Prints

Kauri Camouflage

by Natalie Robertson

The Kauri Project Poster Series (2014)
archival print, edition of 50
420 x 594 mm
unframed - $230
framed with white wooden frame - $420

 

The phrase ‘Kauri Ki Uta, Kauri Ki Tai,’ was gifted to The Kauri Project by Te Roroa artist Will Ngakuru, a call for kauri to once more clothe the landscape from mountain to sea. The photograph depicts the classic kauri bark ‘camouflage’ pattern, taken from a tree on Kohu Rd, Titirangi, overlaid with the shadow of a recently dead kauri on nearby Tanekaha St. Kauri dieback spores are unseen, spreading hidden within the soil. The dead kauri foreshadows what lies ahead if we can’t halt that spread.

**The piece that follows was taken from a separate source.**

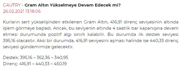 "Gram Altın, ons tarafındaki düşüşe rağmen, USDTRY tarafındaki yukarı tepki sebebiyle, 411 direnci üzerinde tutundu ve 421 ve 424 dirençlerimize ulaştı. Bugün de 411 kısa vadeli ilk kritik destek konumunda.
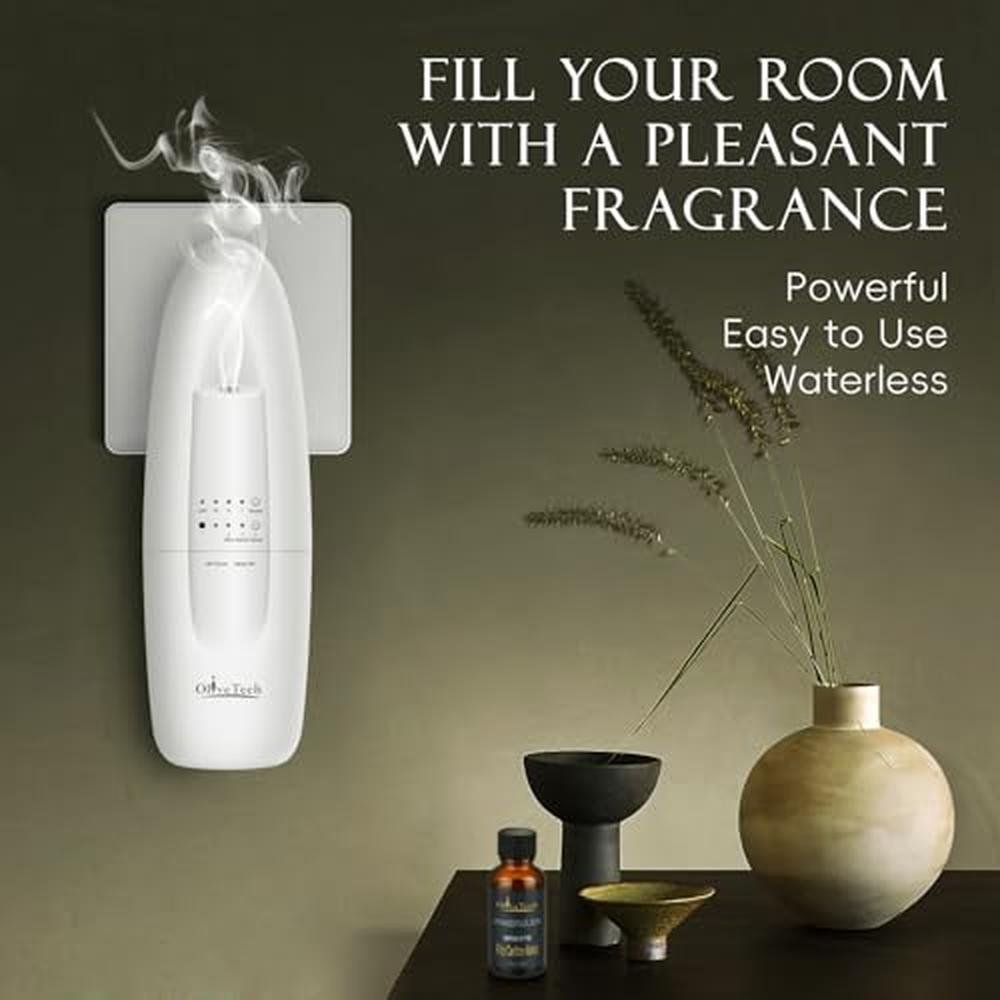 Diffuser Essential Oil | OliveTech Plug-In Waterless Aromatherapy Diffuser | Covers 500 Sq. Ft. | Includes 30ml Essential Oil

Born in Kawerau, New Zealand, Natalie Robertson (Ngati Porou, Clan Donnachaidh) makes photographic and moving image works that explore Māori knowledge practices and cultural landscapes. Her practice engages with conflicting settler and indigenous relationships to land and place. She has exhibited extensively throughout New Zealand and internationally. Robertson is also a founding member of the Auckland-based collective Local Time, which facilitates site-specific projects that speak to local and indigenous contexts. 

The Kauri Project: Poster Series Contemporary artists and designers Charlotte Graham, Philip Kelly, Tessa Laird, Natalie Robertson and Haruhiko Sameshima have been commissioned to produce new works addressing the social, cultural and historical value of the kauri tree, one of our most beloved native species, in the face of the threat posed by kauri dieback disease.